## Task directions
No pictures go into the copy. Write out exactly the lines below from the one containing "3. select the" through the one containing "Brown canvas tool".

## Material for this task
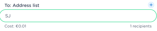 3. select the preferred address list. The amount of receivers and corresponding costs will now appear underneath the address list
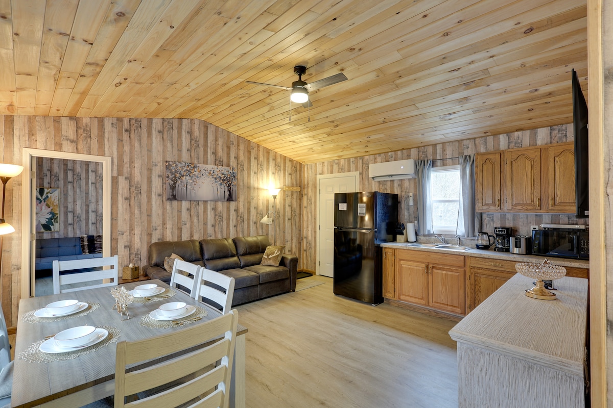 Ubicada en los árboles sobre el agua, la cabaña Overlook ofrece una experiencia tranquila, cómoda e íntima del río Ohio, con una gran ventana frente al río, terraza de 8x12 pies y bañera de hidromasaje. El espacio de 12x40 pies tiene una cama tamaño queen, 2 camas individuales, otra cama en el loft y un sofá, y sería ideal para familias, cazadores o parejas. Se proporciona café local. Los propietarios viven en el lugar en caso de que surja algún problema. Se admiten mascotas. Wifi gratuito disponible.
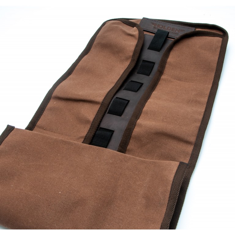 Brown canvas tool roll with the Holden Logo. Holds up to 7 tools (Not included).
--
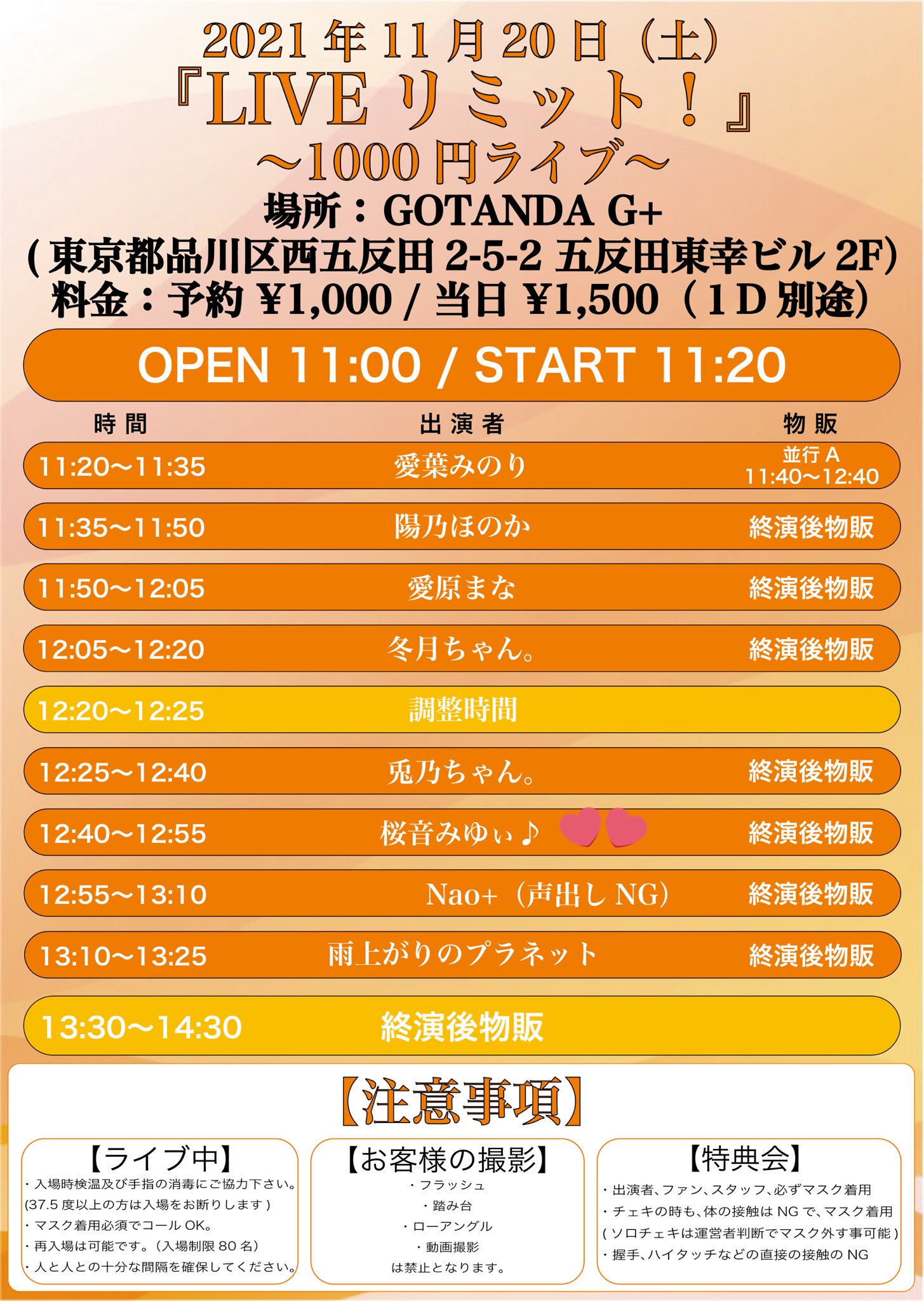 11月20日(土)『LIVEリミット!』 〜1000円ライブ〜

## Task response
 3. select the preferred address list. The amount of receivers and corresponding costs will now appear underneath the address list
 Ubicada en los árboles sobre el agua, la cabaña Overlook ofrece una experiencia tranquila, cómoda e íntima del río Ohio, con una gran ventana frente al río, terraza de 8x12 pies y bañera de hidromasaje. El espacio de 12x40 pies tiene una cama tamaño queen, 2 camas individuales, otra cama en el loft y un sofá, y sería ideal para familias, cazadores o parejas. Se proporciona café local. Los propietarios viven en el lugar en caso de que surja algún problema. Se admiten mascotas. Wifi gratuito disponible.
 Brown canvas tool roll with the Holden Logo. Holds up to 7 tools (Not included).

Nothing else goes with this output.